Well, the plains certainly are open, now. Those strong lake winds dusted every cornfield and pasture with fallout from the hot zones out east, and both of the state's major rivers are toxic, the whole of the Mississippi and the Missouri south of Omaha, at least. The crops have withered, and almost anything edible's been picked over by scavengers and blight. Everything's gone except for scrubby ground cover that I presume might purge this land in a decade or so. I don't know, I'm not a biologist. I can't help but pretend like this desolation is all for some purpose.
I guess it doesn't help that most people are gone. Many of the small towns that speckled the countryside just packed up and left wholesale, after pillaging the local WalMart for supplies. That's community for you, I guess. I hear in other places there are riots and bandits, but I haven't seen much of that here apart from the occasionally hoodlum trying to get his. They pick over the remains of the migrant towns and steer clear of thers, where the burnt-out WalMarts and hobbyshops hide a community gone to ground, to grow small crops in makeshift greenhouses and live off of canned goods until the seeds they've squirrelled away in a dozen basements become useful again.
I am writing this here from one of these remaining collectives, lodged in the cinders of a town called Newton about fifty miles outside Des Moines. It lies along an old highway that used to be I-80 when cars drove on it, but now all it sees are the occasionally travellers from the anarchic ruins of Iowa City, Des Moines, and further east, passing through towns like Ames and Davenport looking for a new home or maybe just plunder.

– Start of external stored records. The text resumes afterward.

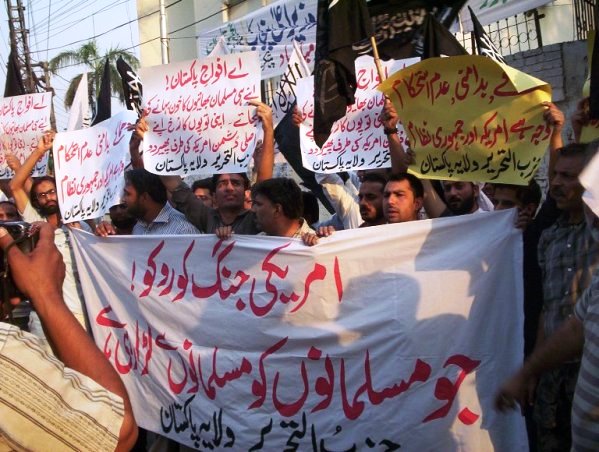 طالب حزب التحرير ولاية باكستان في المسيرات أن يتوقف الجيش عن قيامه بقتل إخوانه بالنيابة عن أمريكا، وطالب بعدم السماح لان يكون الجيش وقودا لحرب اوباما الصليبية. كما طالب الحزب بكنس الوجود ألاستخباراتي والعسكري والسياسي الأمريكي من البلاد وهو الذي تسبب في خلق حالة الفوضى في البلاد منذ أن بدأت أمريكا حملتها الصليبية على المنطقة.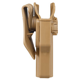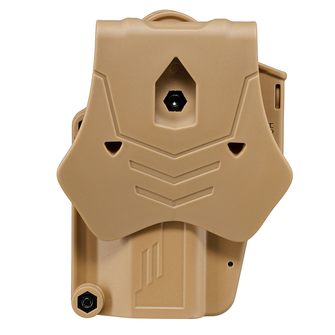 Amomax ist ein sehr bekannter Holster sowie Tragegurt Hersteller und ist in den Bereichen Sportschießen, Jagen, Militär und auch Airsoft aktiv. Sämtliche Passform-Holster werden von Amomax aus speziellen Polymer-Verbundkunststoff hergestellt. Dieses Material sorgt für ein besonders geringes Gewicht, bei gleichzeitig sehr hoher Stabilität. Neben dem eigentlichen Passform-Holster ist im Lieferumfang auch ein sogenanntes Paddle enthalten. Mit dieser Befestigung kann das Holster einfach am Gürtel oder der Hose angebracht werden. Es können Gürtel mit bis zu 50 mm Breite mit dem Holster verwendet werden.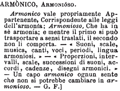 | Armonico, Armonioso - Armonico vale propriamente Appartenente, Corrispondente alle leggi dell'armonia; Armonioso, Che ha in sè armonia; e mentre il primo si può trasportare a sensi traslati, il secondo non li comporta. - «Suoni, scale, musica, canti, voci, periodi, lingua armoniosi.» - «Proporzioni, intervalli, scale, successioni di suoni, accordi, cadenze, disegni armonici.» - Un capo armonico ognun sente che non si potrebbe cambiare in armonioso. - G. F.] [immagine] |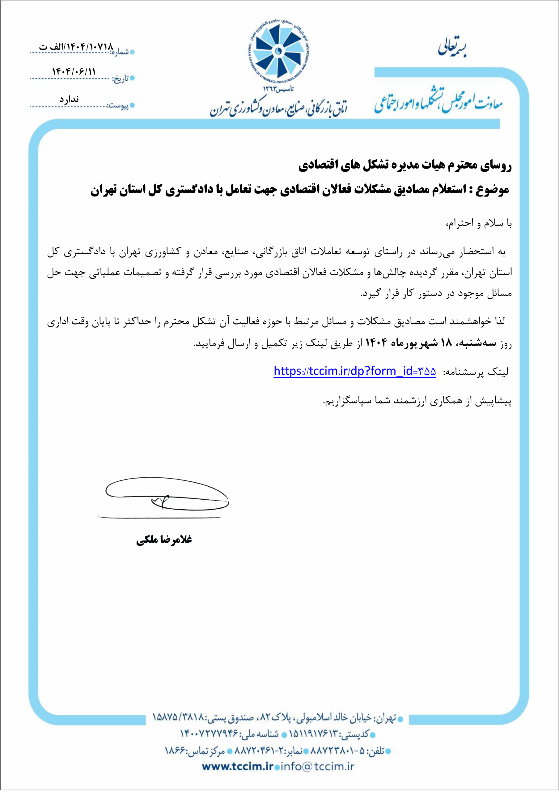 مکاتبه رئیسکل محترم سازمان توسعه تجارت ایران با موضوع تمدید فراخوان مشوقهای صادراتی سال ۱۴۰۳شهریور ۱۷, ۱۴۰۴نشست اقتصاد دریا محور، صنایع پیشران دریای – مورخ 18 شهریورشهریور ۱۷, ۱۴۰۴استعلام مصادیق مشکلات فعالان اقتصادی جهت تعامل با دادگستری کل استان تهران شهریور ۱۷, ۱۴۰۴ اشتراکمطالب مرتبطمهر ۱۶, ۱۴۰۴تغییر تاریخ اعزام هیات تجاری به نمایشگاه بین المللی یونیورسالی تاجیکستان-دوشنبه از مهر به ابان 1404اطلاعات بیشترمهر ۱۶, ۱۴۰۴سلسله سخنرانی های علمی با موضوع ساعتی به کیفیت بیاندیشیم – مورخ 27 مهر لغایت 13 آبان ماه 1404اطلاعات بیشترمهر ۱۵, ۱۴۰۴سمپوزیوم راهبری هوشمندانه در دنیای متلاطم؛ اقتصاد و استراتژی برای مدیران آینده نگر در تاریخ 23 و 24 مهر ماه 1404اطلاعات بیشتر
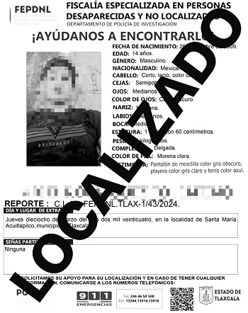 Tras recibir la denuncia correspondiente por familiares del adolescente y el hombre en la que señalaban que fueron vistos por última vez en la comunidad de Acuitlapilco, del municipio de Tlaxcala, Policía de Investigación llevó a cabo las diligencias correspondientes; sin embargo, el menor y el masculino se presentaron en las instalaciones de la Fiscalía, a fin de dar de baja su ficha de búsqueda.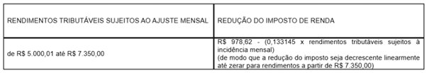 - Rendimentos entre R$ 5.000,01 e R$ 7.350,00: aplica-se a fórmula para redução no imposto de renda: R$ 978,62 – (0,133145 x rendimentos tributáveis sujeitos à incidência mensal), de modo que a redução seja decrescente até zerar para rendimentos a partir de R$ 7.350,00.

I too was a wanderer, a couple years ago, and I also thought I just needed a place to hang my hat. After more months than I care to count scrounging for gasoline, eating baked beans, and listening to old Nelson Eddie records behind plywood barricades, I'm not so sure. Lately I've been thinking about heading down the Mississippi river valley. I know it will get worse, near all those boneyards down south. I know this, but it's getting colder, and I can't stand the thought of another sunless winter, especially when each one seems just a little longer.
I'm leaving Iowa, and I don't know when I'll be coming back. Maybe when something green grows here again, although right now that's the hardest thing for me to picture. I guess I just miss the way things were, but my mother always told me not to cry over spilled milk.
-Recovered from the corpse of a man floating in the Gulf of Mexico near Alabama.